【共同通信電子版 5/9(日) 15:34】
国産の新型コロナウイルスワクチンの臨床試験(治験)を手掛ける製薬ベンチャーのアンジェスと大手の塩野義製薬は9日、変異株に合わせたワクチン開発にも着手したことを横浜市で開かれた日本感染症学会学術講演会で明らかにした。変異がある南アフリカ株などでは従来ワクチンの効果が弱まる可能性が指摘されている。
アンジェスはウイルスの遺伝情報を生かしたDNAワクチンを開発中。既に進めているものとは別に、南アフリカ株やブラジル株に対応できるワクチン候補の検討に入った。
塩野義製薬は組み換えタンパクワクチンを開発中で、どんな物質を投与すれば変異株への免疫がつくかを調べ始めた。

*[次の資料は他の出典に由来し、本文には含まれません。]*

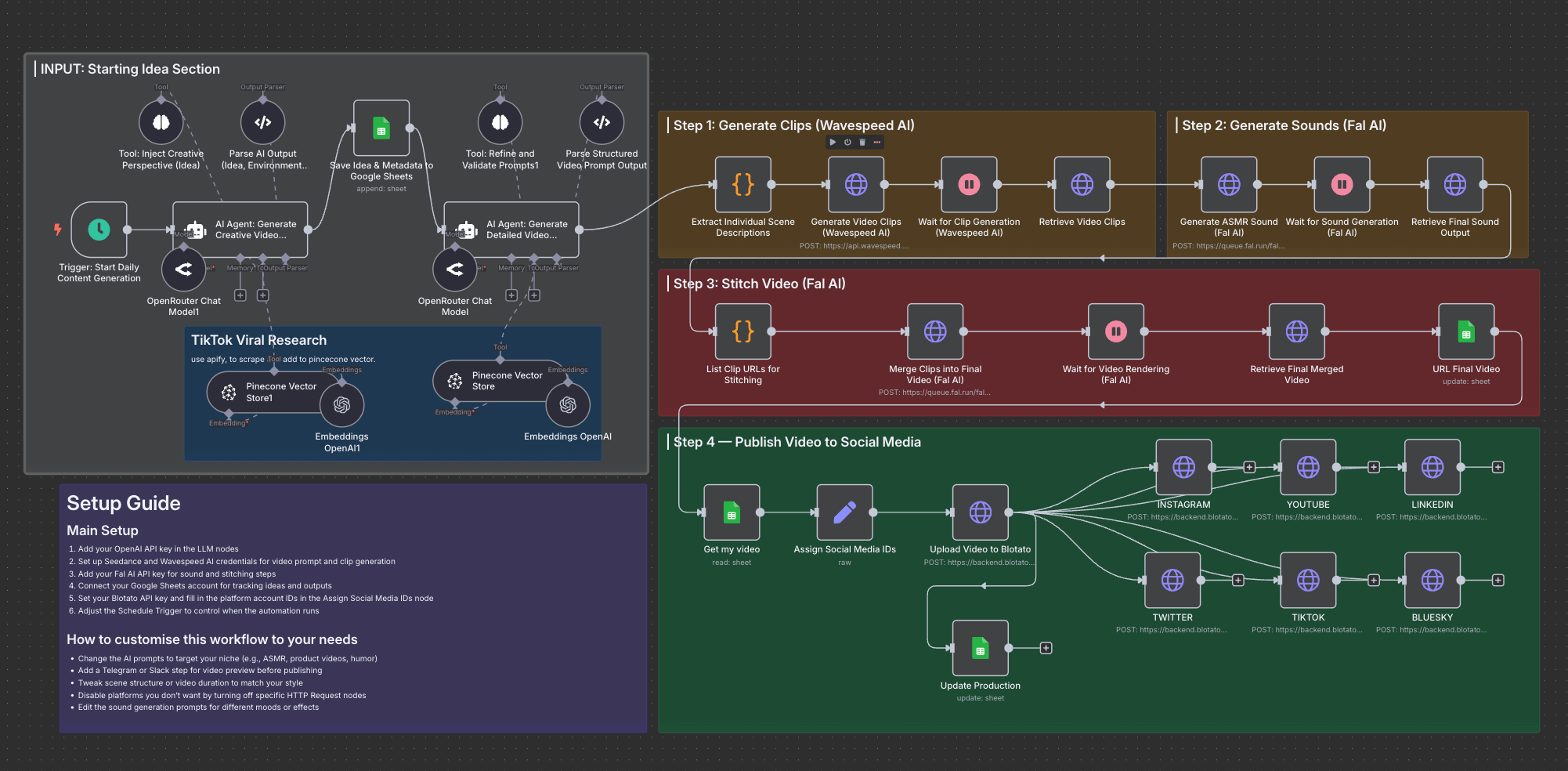 A daily content pipeline that generates ideas, creates video clips, adds sounds, and auto-publishes across TikTok and other platforms—fully hands-free.

必然だったワクチン敗戦 不作為30年、民のはしご外す
【日本経済新聞電子版 2021年5月9日 5:30 】
世界がワクチン争奪戦を繰り広げている中で、国産ワクチンはひとつも承認されていない。この原因は予防接種の副作用訴訟で92年に東京高裁が国に賠償を命じる判決を出したのが要因となり、94年に予防接種法が改正され接種は努力義務となった。よって副作用を恐れる保護者の判断などで接種率はみるみる下がっていった。さらに薬害エイズ問題が影を落とす。厚労省、農水省、文科省をまたぐ規制は複雑で、遺伝子組み換え実験は生態系の影響を防ぐ「カルタヘナ法」に縛られる。欧州は医薬品を同法の適用除外とし、米国は批准もしていない。
国産の開発が遅れている原因は上記の解説のとおり。しかし、コロナ感染症の収束にはワクチン接種が必要だ。すでにワクチン接種で功を奏している英国ではすでに一般の海外渡航も検討しはじめている。遅きに失している感があるが政府は国産開発に支援に力をいれるべきだ。